Sensitive exploration is needed and can allow issues such as resuscitation status to be clarified and “unfinished business” to be completed for patients on all these trajectories. However, advance directives may be ignored in the heat of the moment. Mrs HH’s death had (unusually in people with heart failure) been planned, but an emergency overtook the situation and she received inappropriate resuscitation as documentation was not at hand. Living wills (advance directives) may be becoming more popular with patients, but most primary care professionals still have relatively little experience with these (Polack C, personal communication, 2004). Such planning may be particularly relevant to people in the third trajectory, where progressive cognitive decline is common.

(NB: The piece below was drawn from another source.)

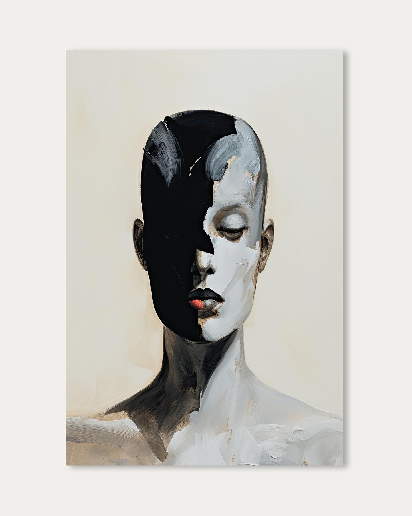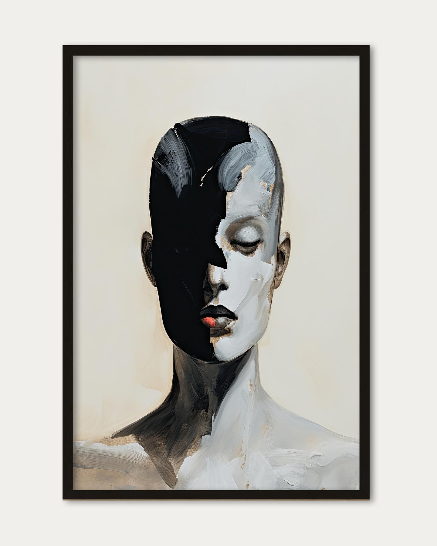 The Mind Over Matter Art Print features a surreal and abstract monochrome portrait of a face, blending expressive lines and shapes to create a thought-provoking composition. This striking artwork adds a bold and contemporary touch to any space, perfect for enhancing your décor with artistic depth and modern flair.

Understanding the likely trajectory may be empowering for patient and carer
Some patients attempt to gain control over their illness by acquiring knowledge about how it is likely to progress., Had CC (box 1), who had lung cancer, been aware of his likely course of decline he might have been less worried about a very protracted death. Similarly, his wife might have been less worried about a sudden death. Both gave clear cues in the research interviews that they were concerned about the possible nature of the death and would have welcomed sensitive discussion of this with health professionals.